» **What you are asked to do**
Your answer must be the lines from the first record through the line that contains "A Dose×Form interaction", copied exactly and without any pictures.

Records excerpted from a collection
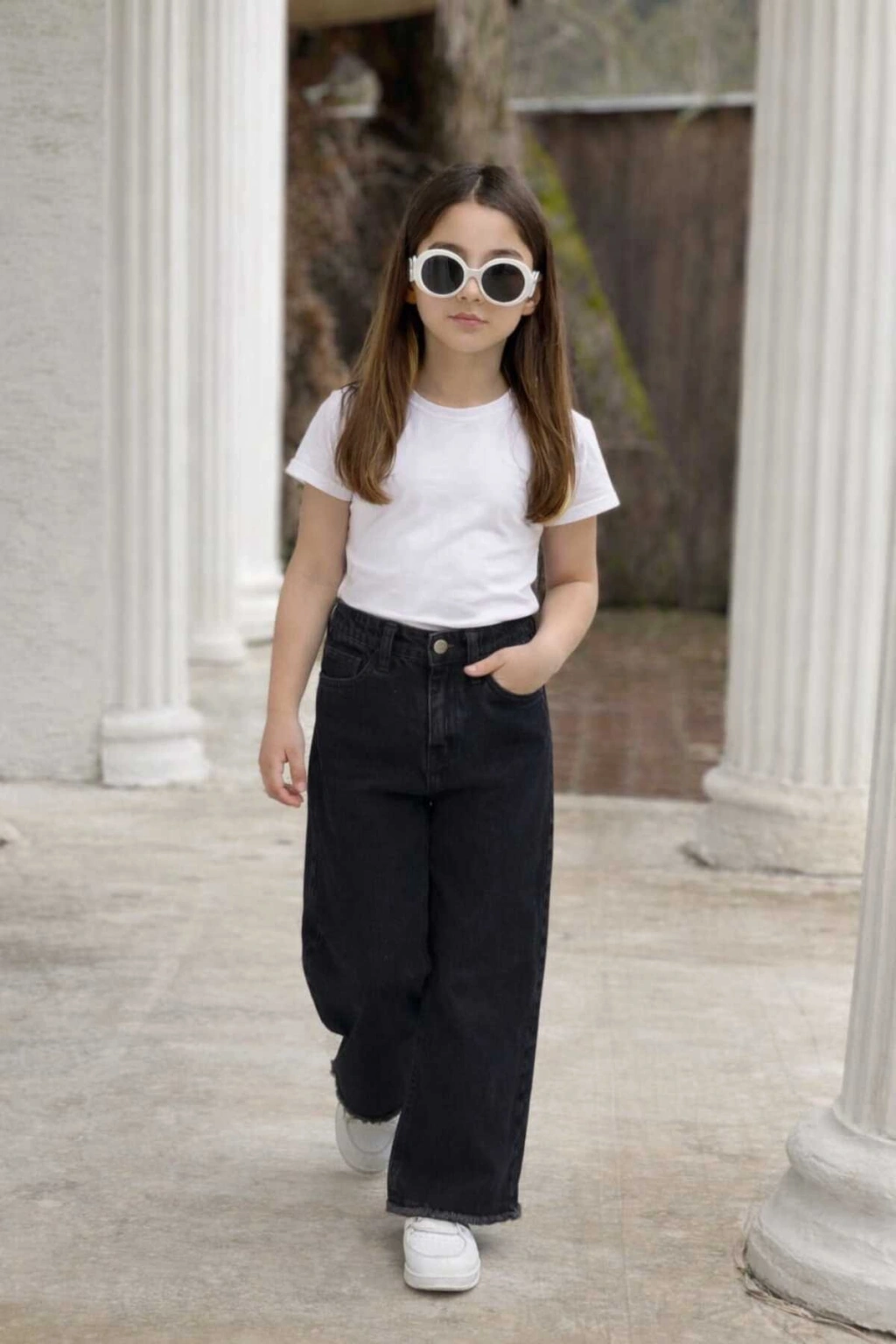 KIZ ÇOCUK ESKİTME BOL PAÇA SİYAH KOT PANTOLON (JEANS-DENİM)-BAYRAMLIK
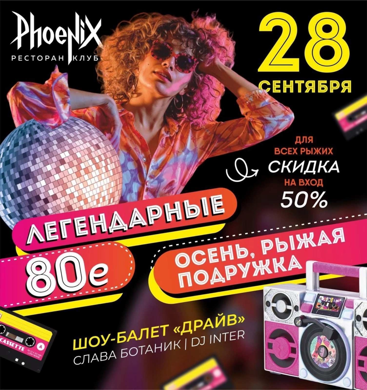 Клуб-ресторан "Phoenix" приглашает 28 сентября на незабываемую дискотеку в духе ярких 80-х «ОСЕНЬ, рыжая подружка!». Откройте для себя эпоху, когда музыка была настоящим искусством, а стиль — самовыражением!
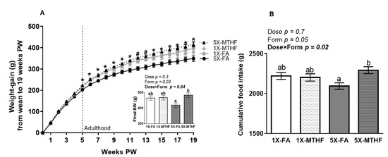 A Dose×Form interaction effect was also found on measures of cumulative food intake up to 19 weeks post-weaning (Dose p = 0.7, Form p = 0.05, Dose×Form p = 0.02, Figure 1B). The 5X-MTHF female offspring consumed ~8% more food compared to the 5X-FA offspring, but food intakes of the 1X folate offspring were similar to both 5X groups. Cumulative food intake and total weight gain of the offspring were also strongly and positively correlated within each group (1X-FA r = 0.89, p < 0.001, 1X-MTHF r = 0.90, p < 0.001, 5X-FA r = 0.71, p < 0.01; 5X-MTHF r = 0.72, p < 0.01).
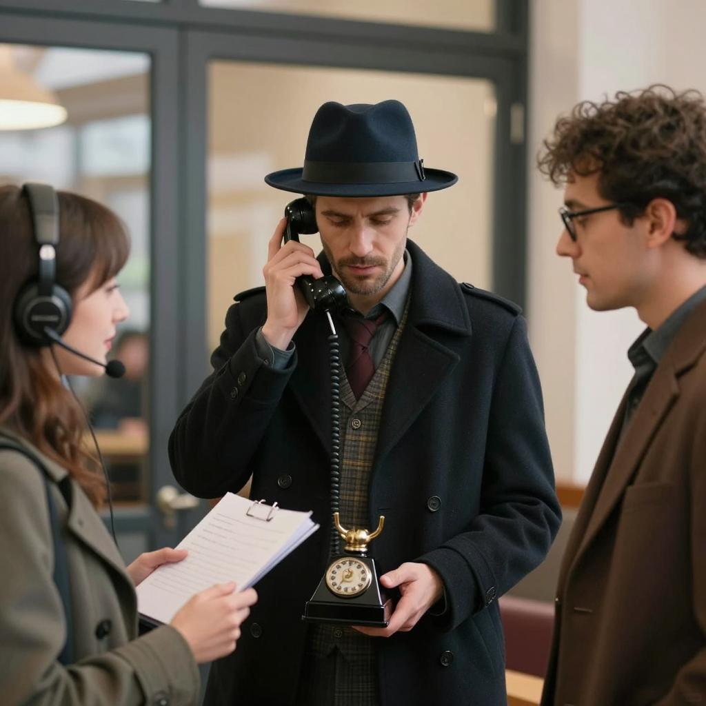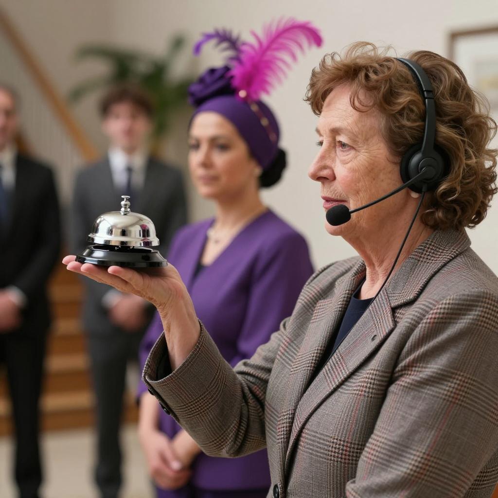 An older woman with light skin and curly brown hair, wearing a plaid blazer and a headset with a microphone. She holds a silver serving bell in her right hand, looking towards it with a focused expression. In the background, a woman with light skin and purple headwear stands slightly blurred, wearing a pink feathered accessory. Two men in formal attire stand further back, also blurred. The setting includes a staircase and indoor plants. The woman in the foreground is positioned to the right, while the other individuals are to the left and background.
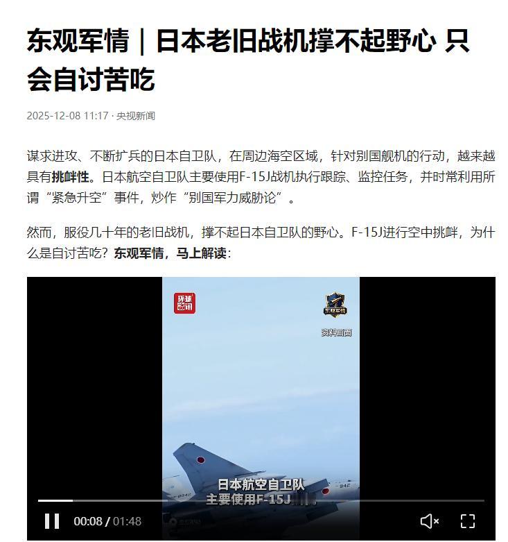 据俄罗斯“塔斯社”在12月14日透露的消息称:中国的辽宁舰航母在世界公认的海域正在执行战备任务时再次遇上日本航空自卫队的二架F-15战斗机进行侦察,并进行了许多危险的动作。   针对日本的这种危险的动作中国辽宁舰上的二架歼-15型双发型战斗机立即升空起飞准备迎接日本航空自卫队的二架战斗机、并且打开了“警戒雷达”开始警告日本航空自卫队的私自闯入我方已经划下的红线、如果继续保持这种状态一切后果自负。   其实熟悉西太平洋海域动态的朋友都清楚,辽宁舰编队此次战备任务期间遭遇日本F-15战机袭扰,并非孤立事件,但这次中方的应对力度和日本战机的窘迫处境,却实实在在给地区局势提了个醒。   根据塔斯社12月14日的报道细节,辽宁舰当时正在冲绳东南海域开展常规战备作业,这片海域是国际社会公认的公海区域,中方舰艇在此执行任务完全符合《联合国海洋法公约》,既无任何越界行为,更不存在所谓“威胁地区安全”的说法,反倒是日本航空自卫队的两架F-15战机,未经任何通报便擅自抵近侦察,甚至做出穿插编队航线、近距离盘旋等危险动作,这种主动挑衅的意图不言而喻。   面对日方的危险举动,辽宁舰的应对堪称果断且专业。甲板上的两架歼-15双发战斗机迅速完成起飞准备,伴随着滑跃甲板的轰鸣声升空,随即打开警戒雷达对F-15战机进行锁定警告。   可能有朋友不清楚,警戒雷达锁定意味着什么,这相当于在空战中用瞄准镜对准了目标,对方的飞行轨迹、速度等数据会被实时捕捉,一旦对方继续做出危险动作,中方战机可随时采取进一步反制措施。   最终的结果也印证了中方警告的威慑力,日本F-15战机在被锁定后,迅速做出大机动规避动作,仓皇撤离了现场,压根没敢停留。   很多人会疑惑,日本为什么总盯着中国航母编队不放?其实翻看日本防卫省的公开数据就能找到答案,2024年度日本航空自卫队针对“外国飞机”的紧急升空次数达到704次,较上一年增加了35次,而执行这些任务的主力,正是这次现身的F-15J战机。   但有意思的是,这款被日本寄予厚望的战机,早已是“老态龙钟”的状态。根据权威航空分析机构的数据,日本航空自卫队的155架单座F-15J战机,平均机龄超过37年,44架双座F-15DJ战机的平均机龄也超34年,堪称“爷爷辈”的战机。   近年来,这款战机频繁出现飞行中零件脱落、紧急迫降等事故,用这样一款老旧战机执行高危抵近侦察任务,不仅难以对中方形成威慑,反而容易因设备故障引发空中冲突,说白了就是在拿飞行员的生命赌运气。   更值得一提的是,日本此次挑衅的时机格外微妙。就在辽宁舰执行战备任务期间,日本防卫省还高调宣布开展针对舰的饱和打击演练,出动12架战机携带48枚反舰导弹,试图营造“威慑姿态”,可现实却是,其老旧的F-15J在歼-15面前连正面抗衡的勇气都没有。   要知道,歼-15作为我国自主研发的舰载战斗机,具备优异的制空作战和对海打击能力,搭载的有源相控阵雷达、远程空空导弹等装备,在性能上对老旧的F-15J形成了代差优势。此次辽宁舰编队在短短7天的部署中,舰载机起降量达到260架次,这种高强度的作业能力,足以证明我国航母编队的实战化水平已经相当成熟,绝非日本那些老旧装备能随意挑衅的。   可能有人会说,公海不是可以自由航行吗?日本战机侦察一下又怎么了?这里必须明确一个核心原则:公海自由不等于“挑衅自由”。中国海军在公海执行战备任务,是主权国家的合法权利,而日本战机未经允许抵近侦察、做出危险动作,本质上是对中方编队航行安全的威胁,更是对地区和平稳定的破坏。   这一点,我国国防部早有明确表态,此前美军舰近距离侦察辽宁舰时,中方就曾直接予以警告驱离,并指出这种行为严重干扰演训活动,威胁双方人员安全。日本此次的做法,和美军的危险行径如出一辙,说白了就是想通过这种“碰瓷式”挑衅,炒作“中国威胁论”,为自身扩充军备找借口。   事实上,日本用老旧的F-15J来挑衅辽宁舰编队,本身就是一种“自不量力”的表现。其新式的F-35A战机虽然号称先进,却因可靠性问题频繁发生坠毁、迫降事故,几乎从未执行过紧急升空任务,而且在远程飞行、机动性等方面,甚至不如老旧的F-15J。   这种新老装备都“掉链子”的局面,注定让日本的挑衅行为沦为笑柄。反观中国,从辽宁舰入列到福建舰下水,短短十余年时间便实现了航母发展的跨越式进步,舰载机部队的实战化水平不断提升,这种发展速度和实力,绝非日本短期内能够追赶的。   此次事件最终以日本战机仓皇撤离告终,再次印证了一个道理:任何危险的挑衅行为,在绝对的实力和坚定的决心面前,都注定不会成功。中国海军走向深蓝,是维护国家利益的必然选择,也是维护地区和平稳定的重要力量。我们从不主动挑起冲突,但也绝不惧怕任何挑衅。

» **The completed task**
 KIZ ÇOCUK ESKİTME BOL PAÇA SİYAH KOT PANTOLON (JEANS-DENİM)-BAYRAMLIK
 Клуб-ресторан "Phoenix" приглашает 28 сентября на незабываемую дискотеку в духе ярких 80-х «ОСЕНЬ, рыжая подружка!». Откройте для себя эпоху, когда музыка была настоящим искусством, а стиль — самовыражением!
 A Dose×Form interaction effect was also found on measures of cumulative food intake up to 19 weeks post-weaning (Dose p = 0.7, Form p = 0.05, Dose×Form p = 0.02, Figure 1B). The 5X-MTHF female offspring consumed ~8% more food compared to the 5X-FA offspring, but food intakes of the 1X folate offspring were similar to both 5X groups. Cumulative food intake and total weight gain of the offspring were also strongly and positively correlated within each group (1X-FA r = 0.89, p < 0.001, 1X-MTHF r = 0.90, p < 0.001, 5X-FA r = 0.71, p < 0.01; 5X-MTHF r = 0.72, p < 0.01).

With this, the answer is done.